The city’s planning department wanted to compile a list, but it had nobody on staff to oversee such an effort. Hundreds of league members stepped in, literally; Platt often pushed her two young sons in a stroller while gathering information on Victorian homes and the like — many of which were in neighborhoods like the Western Addition, where entire blocks were being razed in the quest for what then was dubbed “urban renewal.”
“We hope to arrest the destruc
tion of San Francisco’s architectural heritage,” Platt told a reporter in 1966. “A city which has no past has no present.”
The research led to the book “Here Today: San Francisco’s Architectural Heritage,” which Platt helped edit. It was published in 1968, around the time Mayor Jack Shelley signed the advisory board into existence and made Platt one of its initial members.
The book’s influence didn’t end there: Platt and the board made a priority of saving at least some of the Western Addition’s imperiled Victorians. Eventually, a dozen were moved during November of 1974 to new locations in the neighborhood, in the dead of morning so as not to snag traffic.
The moves were facilitated by a new preservation group now known as San Francisco Heritage. In its archives is a photo of one move; Platt can be seen watching the procession, wearing a fur coat to fend off the pre-dawn chill.
This courtly determination, more than specific wins or losses, is what Platt’s admirers recall most vividly.
“Gee Gee wasn’t a grandstander by any means, but she had such a presence,” recalled Donald Andreini, a former Heritage staff member. “She was a wiry little bird of a lady, and she stood her ground more than once.”
Much of this took place while Platt was a single mother, divorced from her husband and raising two boys.
“For a while, frankly, it felt like something that took her away from us,” said Peter Platt Jr., her oldest son. “A rival enterprise.”
Then Peter and his younger brother, Geoffrey, watched their mother during the struggle over City of Paris, which was replaced by a Neiman Marcus that, at least, includes the florid rotunda salvaged from its predecessor in a partial win for preservationists.
“I’d see her on the scene, in front of these reporters and cameras. It was intense and she was amazing,” Peter recalled. “That’s when I got it — this matters.”
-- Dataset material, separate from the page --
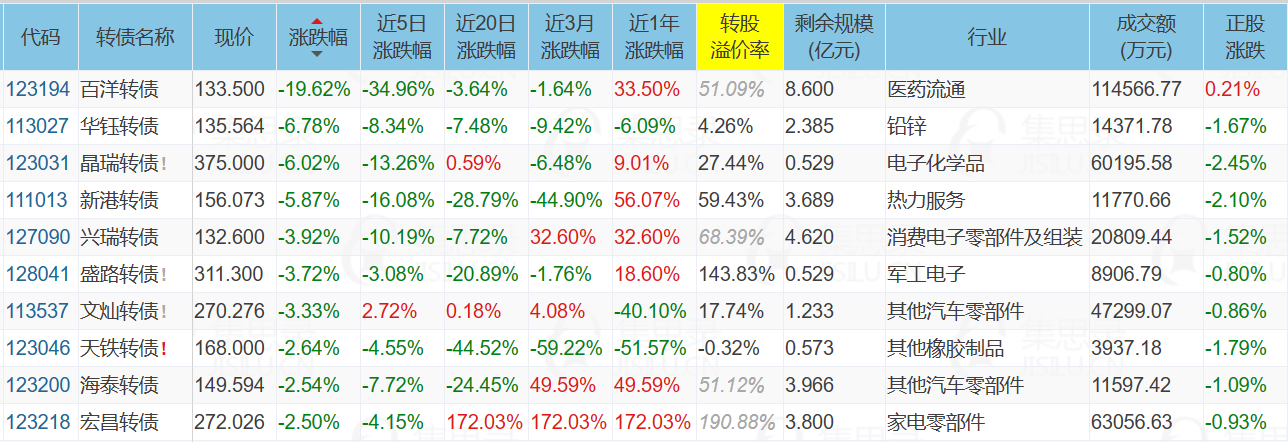 2、华钰转债,今日跌幅6.78%,原因是还有4天就要满足强赎条件了,市场提前杀溢价,当前价格:135.564元,溢价率:4.26%,剩余规模2.384亿,剩余年限1.734年。

After Platt’s dismissal from the board by Feinstein, Platt started her own historic research consulting firm. There were long stints on the board of Heritage and also the California Preservation Foundation. As time passed, she received the equivalent of lifetime achievement awards from the foundation and San Francisco Tomorrow, another watchdog group.
All this could make younger preservationists feel daunted — even though Platt also was the type of person who up until the pandemic would stop by the planning department each December to drop off a holiday turkey with all the fixings for staff members.
“She was this icon by reputation, and (early on) I had a lot of friends in the preservation world who were scared of her,” said LaBounty. “But we got along great from the start. As long as you were respectful of her, she was respectful of you.”